» Data shown
++++++++++

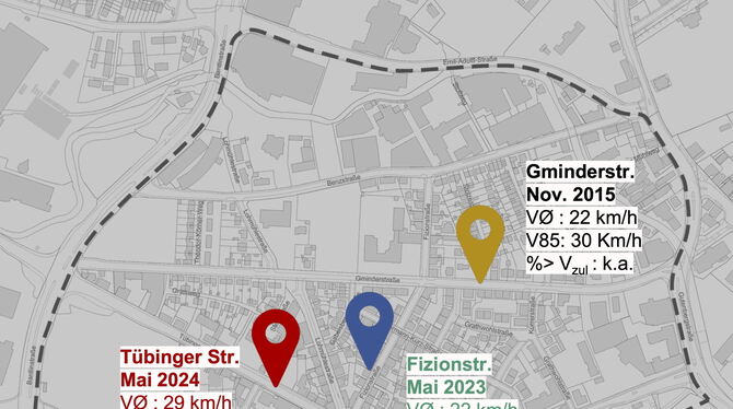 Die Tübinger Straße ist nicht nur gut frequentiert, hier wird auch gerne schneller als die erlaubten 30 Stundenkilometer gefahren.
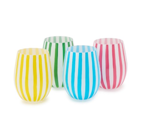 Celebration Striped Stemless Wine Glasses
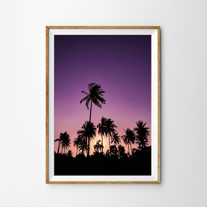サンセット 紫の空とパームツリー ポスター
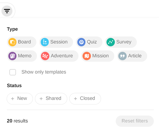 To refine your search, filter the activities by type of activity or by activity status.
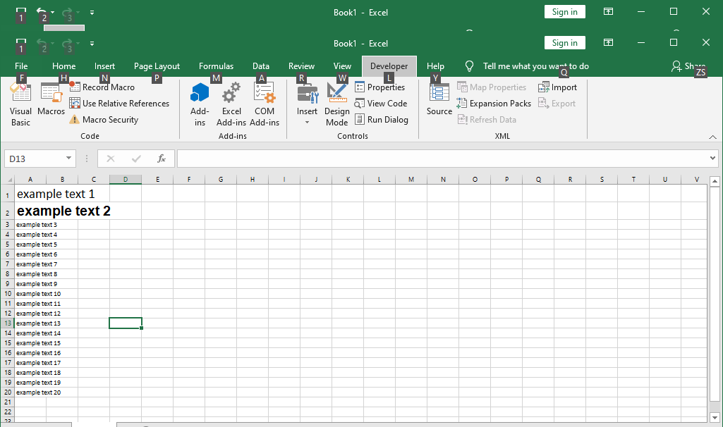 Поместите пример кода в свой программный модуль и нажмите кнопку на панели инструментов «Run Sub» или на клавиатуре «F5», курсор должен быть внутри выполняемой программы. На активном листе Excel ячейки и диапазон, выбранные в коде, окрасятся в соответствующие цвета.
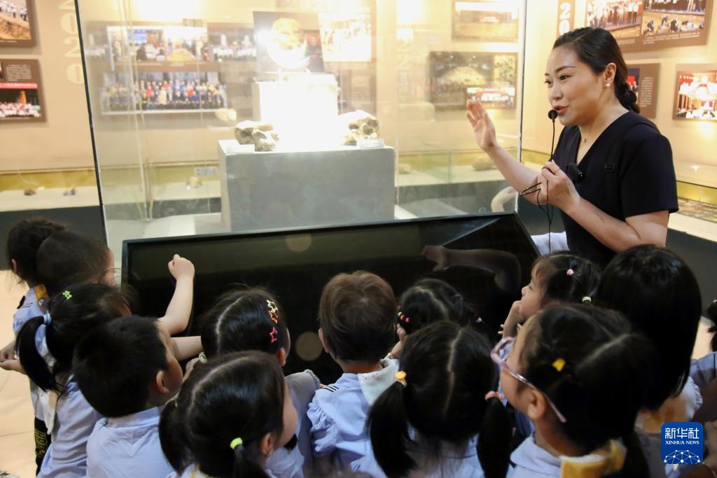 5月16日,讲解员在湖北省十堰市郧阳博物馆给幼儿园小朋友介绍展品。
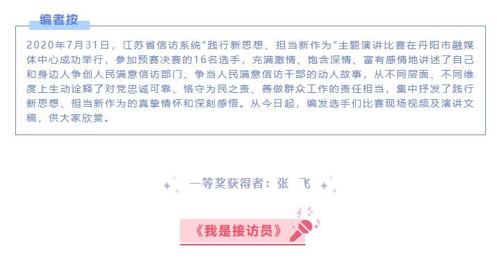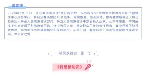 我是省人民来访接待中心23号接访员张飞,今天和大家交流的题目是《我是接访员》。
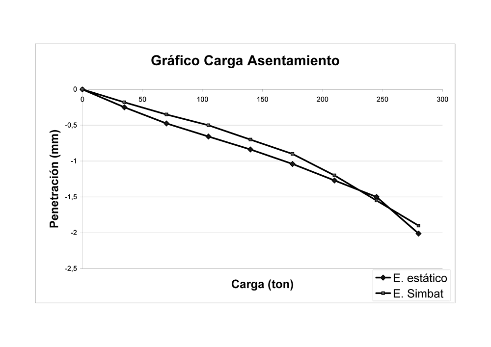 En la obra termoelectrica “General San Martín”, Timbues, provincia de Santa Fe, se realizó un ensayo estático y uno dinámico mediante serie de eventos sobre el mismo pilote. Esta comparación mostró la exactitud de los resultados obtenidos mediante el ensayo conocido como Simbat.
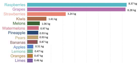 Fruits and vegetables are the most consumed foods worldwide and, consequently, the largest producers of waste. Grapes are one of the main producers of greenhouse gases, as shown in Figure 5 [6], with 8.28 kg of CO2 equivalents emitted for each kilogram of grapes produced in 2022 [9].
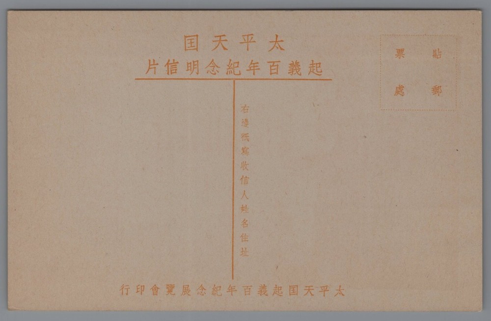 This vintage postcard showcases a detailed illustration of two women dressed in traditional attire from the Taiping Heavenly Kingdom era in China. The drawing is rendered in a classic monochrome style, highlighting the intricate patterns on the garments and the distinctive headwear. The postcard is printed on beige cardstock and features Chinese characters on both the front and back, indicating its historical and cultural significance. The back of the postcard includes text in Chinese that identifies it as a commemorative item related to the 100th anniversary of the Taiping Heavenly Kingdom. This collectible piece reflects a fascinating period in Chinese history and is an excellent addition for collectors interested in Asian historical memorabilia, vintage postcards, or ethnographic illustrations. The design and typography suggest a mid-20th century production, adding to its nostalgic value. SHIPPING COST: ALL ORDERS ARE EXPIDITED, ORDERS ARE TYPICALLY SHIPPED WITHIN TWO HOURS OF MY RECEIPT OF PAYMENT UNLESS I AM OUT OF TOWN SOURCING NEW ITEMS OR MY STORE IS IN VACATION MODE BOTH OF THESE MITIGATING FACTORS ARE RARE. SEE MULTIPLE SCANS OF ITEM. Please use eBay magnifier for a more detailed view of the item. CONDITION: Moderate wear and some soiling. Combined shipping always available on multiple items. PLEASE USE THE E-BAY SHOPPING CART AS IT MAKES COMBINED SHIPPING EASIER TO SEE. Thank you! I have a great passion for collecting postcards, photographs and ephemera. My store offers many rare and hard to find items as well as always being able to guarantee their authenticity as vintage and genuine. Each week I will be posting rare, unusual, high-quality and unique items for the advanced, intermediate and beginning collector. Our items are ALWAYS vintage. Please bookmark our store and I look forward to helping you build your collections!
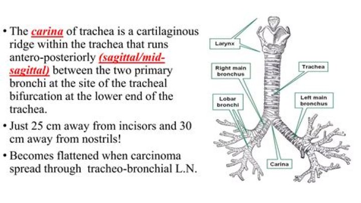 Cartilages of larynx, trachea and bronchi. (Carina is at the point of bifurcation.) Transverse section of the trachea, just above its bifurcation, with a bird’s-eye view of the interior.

++++++++++

» Problem to work on
Would you transcribe the lines above exactly, going from the line bearing "Celebration Striped Stemless Wine Glasses" through the line bearing "Fruits and vegetables", and drop the pictures from the copy?

» Output for this exercise
 Celebration Striped Stemless Wine Glasses
サンセット 紫の空とパームツリー ポスター
 To refine your search, filter the activities by type of activity or by activity status.
 Поместите пример кода в свой программный модуль и нажмите кнопку на панели инструментов «Run Sub» или на клавиатуре «F5», курсор должен быть внутри выполняемой программы. На активном листе Excel ячейки и диапазон, выбранные в коде, окрасятся в соответствующие цвета.
 5月16日,讲解员在湖北省十堰市郧阳博物馆给幼儿园小朋友介绍展品。
 我是省人民来访接待中心23号接访员张飞,今天和大家交流的题目是《我是接访员》。
 En la obra termoelectrica “General San Martín”, Timbues, provincia de Santa Fe, se realizó un ensayo estático y uno dinámico mediante serie de eventos sobre el mismo pilote. Esta comparación mostró la exactitud de los resultados obtenidos mediante el ensayo conocido como Simbat.
 Fruits and vegetables are the most consumed foods worldwide and, consequently, the largest producers of waste. Grapes are one of the main producers of greenhouse gases, as shown in Figure 5 [6], with 8.28 kg of CO2 equivalents emitted for each kilogram of grapes produced in 2022 [9].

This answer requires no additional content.